**Supplied data**:
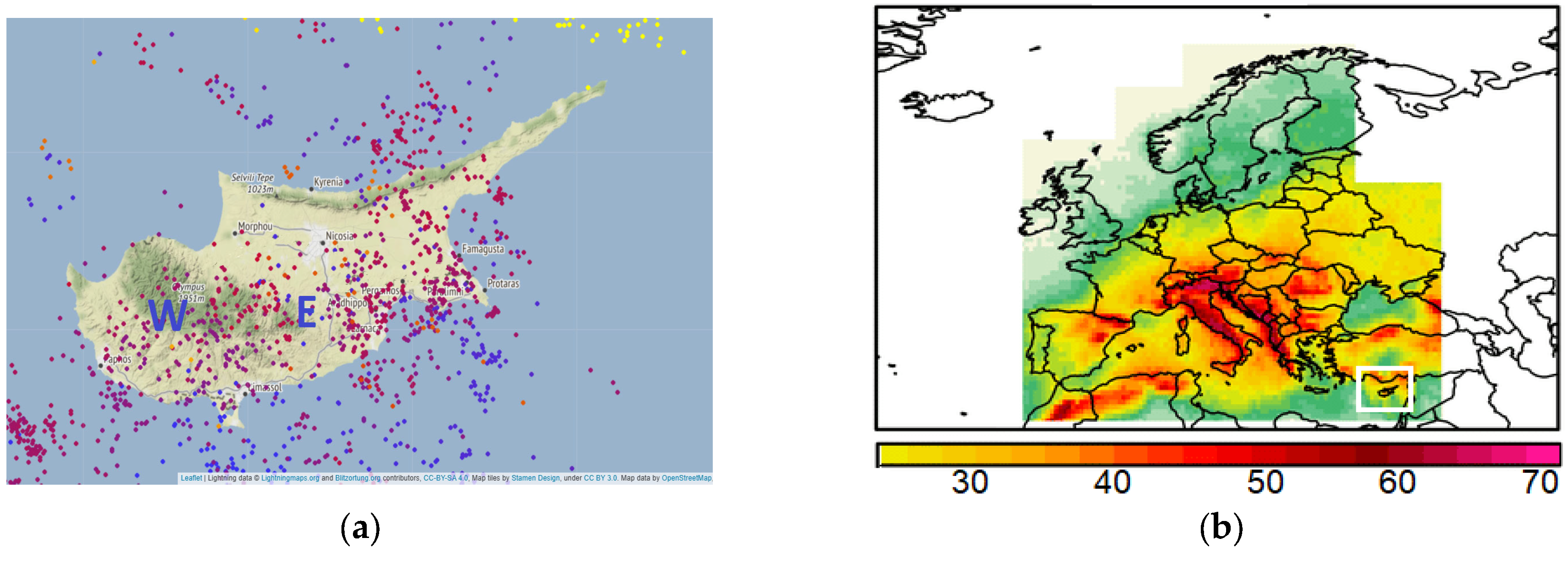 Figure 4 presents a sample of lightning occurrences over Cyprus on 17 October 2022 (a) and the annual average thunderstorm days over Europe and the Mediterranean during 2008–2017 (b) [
--
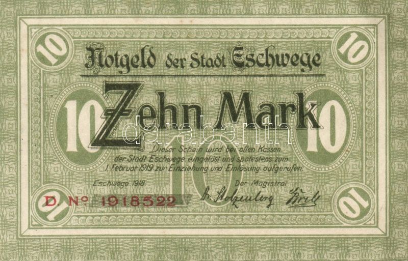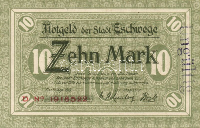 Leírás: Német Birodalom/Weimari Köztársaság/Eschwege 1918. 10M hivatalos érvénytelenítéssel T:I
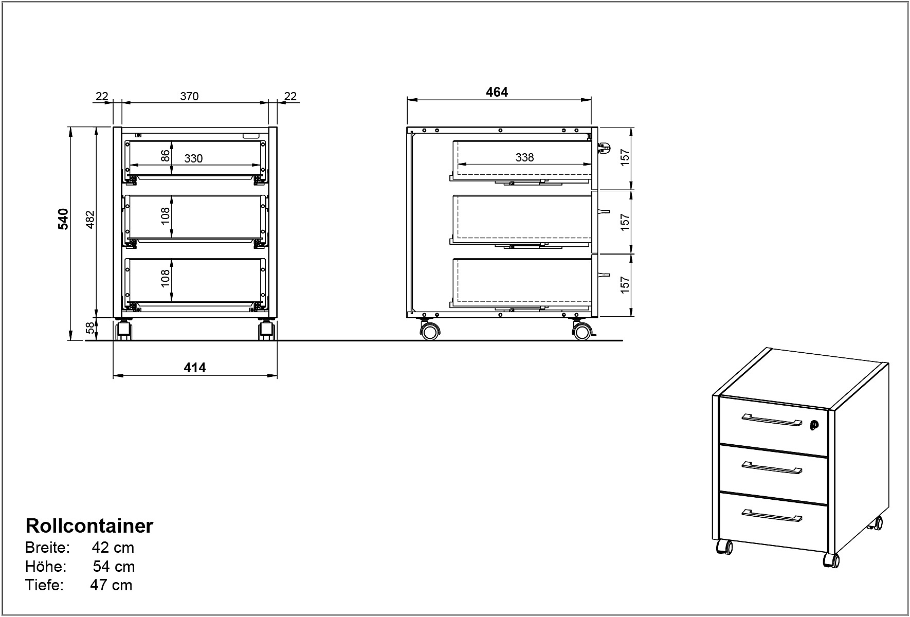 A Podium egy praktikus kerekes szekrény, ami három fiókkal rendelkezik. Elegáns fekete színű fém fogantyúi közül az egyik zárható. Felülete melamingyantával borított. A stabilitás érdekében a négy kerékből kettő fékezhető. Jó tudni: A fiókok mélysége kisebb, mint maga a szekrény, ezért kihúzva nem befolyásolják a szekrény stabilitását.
==
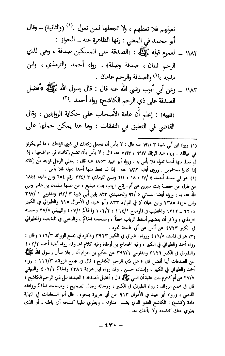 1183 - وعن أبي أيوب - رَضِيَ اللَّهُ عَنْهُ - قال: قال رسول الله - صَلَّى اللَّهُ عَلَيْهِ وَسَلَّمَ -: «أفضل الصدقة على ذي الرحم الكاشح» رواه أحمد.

**The problem**: Could you repeat, exactly, only the lines above starting at the one that has "Leírás: Német Birodalom/Weimari" and stopping after the one that has "A Podium egy", without the pictures?

**Your solution**:
 Leírás: Német Birodalom/Weimari Köztársaság/Eschwege 1918. 10M hivatalos érvénytelenítéssel T:I
 A Podium egy praktikus kerekes szekrény, ami három fiókkal rendelkezik. Elegáns fekete színű fém fogantyúi közül az egyik zárható. Felülete melamingyantával borított. A stabilitás érdekében a négy kerékből kettő fékezhető. Jó tudni: A fiókok mélysége kisebb, mint maga a szekrény, ezért kihúzva nem befolyásolják a szekrény stabilitását.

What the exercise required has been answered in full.